By storing only the previous gradient's extrema to approximate \(\|\nabla f(x_t)-\nabla f(x_{t-1})\|_\infty\) as an upper bound, the extra state is reduced to two scalars and one sign vector. Additionally, the "ALIAS Adam version" combines sign descent with Adam-style momentum and weight decay, demonstrating how the parameter-free scale can be embedded into modern training recipes.

Loss & Training¶

Theoretical analysis focuses on \(\min_{x\in\mathbb{R}^d} f(x)\), evaluating the average gradient 1-norm \(\frac{1}{T}\sum_t\|\nabla f(x_t)\|_1\). Deterministic analysis assumes \(\ell_\infty\)-smoothness, convexity, and a finite lower bound. Stochastic analysis assumes unbiased gradients with bounded coordinate variance.

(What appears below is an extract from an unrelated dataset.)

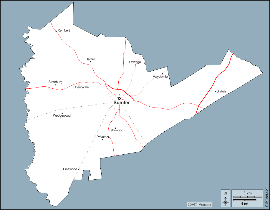 d-maps > संयुक्त राज्य > नॉर्थ कैरोलीना > सुम्टर काउंटी > बाह्यरेखा, मुख्य शहरों, सड़कों, नाम
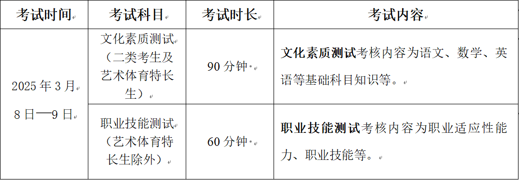 3.退役军人及其他社会人员。退役军人、农民工等社会人员考生免予文化素质测试。职业技能测试由学院组织,采取笔试方式进行,重点考察学生的职业适应性和职业技能,满分300分。

Deep learning experiments use LLaMA pre-training (130M, 350M parameters) on the C4 dataset and Swin Transformer fine-tuning on Tiny ImageNet. Baselines include tuned AdamW, Prodigy, DOG, and D-Adaptation. ALIAS Adam version incorporates sign descent with momentum, weight decay, and optional cosine scheduling to compare against state-of-the-art tuned baselines.

Key Experimental Results¶

Main Results¶

Task	Method	Tuned LR/Schedule	Metric	Results
LLaMA 130M	SIGN-SGD (wd, lr, cosine)	Yes	Val Loss / PPL	2.980 / 19.693
LLaMA 130M	ALIAS (wd)	No	Val Loss / PPL	3.006 / 20.169
LLaMA 130M	AdamW (wd, beta, lr, cosine)	Yes	Val Loss / PPL	2.929 / 18.698
LLaMA 130M	Prodigy (wd, beta, cosine)	Partial	Val Loss / PPL	2.930 / 18.727
LLaMA 130M	ALIAS Adam version	Partial	Val Loss / PPL	2.918 / 18.504
LLaMA 350M	SIGN-SGD (wd, lr, cosine)	Yes	Val Loss / PPL	2.819 / 16.760
LLaMA 350M	ALIAS (wd)	No	Val Loss / PPL	2.821 / 16.793
LLaMA 350M	ALIAS Adam version	Partial	Val Loss / PPL	2.707 / 14.984

Base ALIAS matches tuned Sign-SGD closely, while ALIAS Adam version outperforms AdamW and Prodigy.

Task	Method	Metric	Result
Swin-T Fine-tuning	SIGN-SGD (tuned)	Accuracy	78.885
Swin-T Fine-tuning	AdamW (tuned)	Accuracy	77.612
Swin-T Fine-tuning	ALIAS Adam (cosine)	Accuracy	79.161
ALGOPERF MRI	AdamW	SSIM	0.723
ALGOPERF MRI	ALIAS Adam	SSIM	0.724

Ablation Study¶

Config	Key Metric (LLaMA 130M)	Notes
SIGN-SGD (tuned)	2.980 / 19.693	Tuned baseline
ALIAS (base)	3.006 / 20.169	Parameter-free
memory-efficient ALIAS	3.019 / 20.471	Approx. smoothness via extrema
memory-efficient ALIAS	0.41 GB Memory	Matches Sign-SGD overhead
ALIAS Adam version	1.91 GB Memory	Strongest performance

Sensitivity analysis confirms ALIAS is robust to the initial smoothness estimate \(L_\infty\) and distance estimate \(d_0\). Batch size ablation shows ALIAS maintains a stable gap vs tuned Sign-SGD even under increased gradient noise.

Key Findings¶

The base ALIAS achieves performance comparable to tuned Sign-SGD without manual learning rate search.
ALIAS Adam version is the strongest engineering variant, outperforming AdamW and other parameter-free optimizers like Prodigy and MOMO.
The memory-efficient version reduces overhead to the level of basic Sign-SGD (0.41 GB) with only minor perplexity degradation.
Significant end-to-end speedups are achieved primarily by eliminating the grid search phase.

Highlights & Insights¶

Theoretical-Practical Alignment: The paper mapping Sign-SGD theory directly to per-iteration estimators for \(\Delta^*\) and \(L_\infty\) provides a grounded design for "automatic" learning rates.
Local Smoothness as a Driver: Using adjacent gradient changes (local curvature) allows the learning rate schedule to emerge naturally from the training trajectory.
Addressing Memory Trade-offs: The inclusion of a memory-efficient version acknowledges the conflict between high-fidelity curvature estimation and the low-memory goals of sign-based optimizers.
Practical Embedding: Demonstrating that ALIAS scale estimation can be integrated into standard recipes (momentum, weight decay) makes the method a viable alternative for large-scale training.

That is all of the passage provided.